Acara ini juga menjadi representasi keberhasilan setiap keluarga dengan indikator pendidikan, pemahaman agama, pandangan hidup, pola pikir da pola hidup. Secara kasat mata dapat dilihat kendaraan yang dimiliki, baju, sepatu, tas, dan acesoris yang dipakai.
Walau ada perbedaan status sosial, pendidikan, agama, pandangan politk, suku, bahasa, asal, semuanya berbaur, bersatu dalam satu bani (keturunan) yang sama.
Keluarga yang satu tidak “merasa” lebih hebat, lebih modern, lebih intelek, lebih agamis, dari keluarga yang lain. Sungguh pertemuan yang bernuana kebersamaan, persatuan dan kesatuan dalam bingkai asal usul yang menurunkan. Inilah bentuk toleransi sejati dalam keluarga, saling menghargai dan menghormati setiap pilihan
Alangkah indahnya kalau setiap anggota trah selalu rukun, damai, dalam suasana Fitri yang penuh ceria, dan heboh, karena ada pembagian doorprize dan kado silang.

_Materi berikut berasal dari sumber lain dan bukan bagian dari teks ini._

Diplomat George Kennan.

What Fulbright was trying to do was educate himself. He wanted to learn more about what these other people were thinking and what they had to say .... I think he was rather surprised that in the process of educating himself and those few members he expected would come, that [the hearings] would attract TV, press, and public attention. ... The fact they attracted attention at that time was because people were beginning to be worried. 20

Mendatangkan ustad untuk memberi tauziah agar rohaninya menjadi sejuk, damai, dan penuh rasa syukur atas limpahan rahmatNya. Acara trah ini bukan sekedar “trend”, tetapi menjadi tuntutan, karena pada prinsipnya orang itu senang berkelompok dan bersatu, bukan berseturu dan beradu domba.

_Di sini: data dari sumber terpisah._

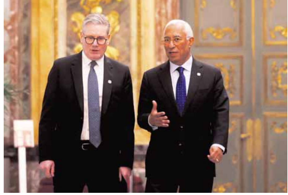
Britain's Prime Minister Keir Starmer, left, speaks with European Council President Antonio Costa as he arrives for an EU summit at the Egmont Palace in Brussels, Monday.

on the fact "that everybody has to respect the sovereignty of all national states in the world, and that Greenland is today a part of the Kingdom of Denmark. It's part of our territory and it's not for sale." European Council President Antonio Costa, noting that the EU has stood beside Ukraine in defense of its borders, said of Greenland: "Of course, we will stand also for these principles, all the more so if the territorial integrity of a member state of the European Union is questioned." Frederiksen acknowledged US concerns about security in the Arctic Region, where Russia and China have been increasingly active. "I totally agree with the Americans that the High North, that the Arctic region is becoming more and more important when we are talking about defense and security and deterrence," Frederiksen said.
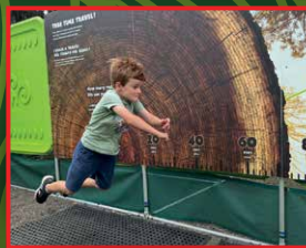
TREE TIME TRAVEL

Tempat penyelenggara pertemuan trah ini digilir berdasarkan urutan dari yang tertua sampai yang termuda. Anggotanya yang hadir kalau komplit ada 150 – 200 orang. Biaya ditanggung tuan rumah beserta anak keturunannya, “jadi berat sama dipikul, ringan sama dijinjing” artinya baik suka maupun duka ditanggung dan dirasakan bersama. Jadi pertemuan trah menghasilkan inspirasi, semangat, untuk berbagi dan memberi.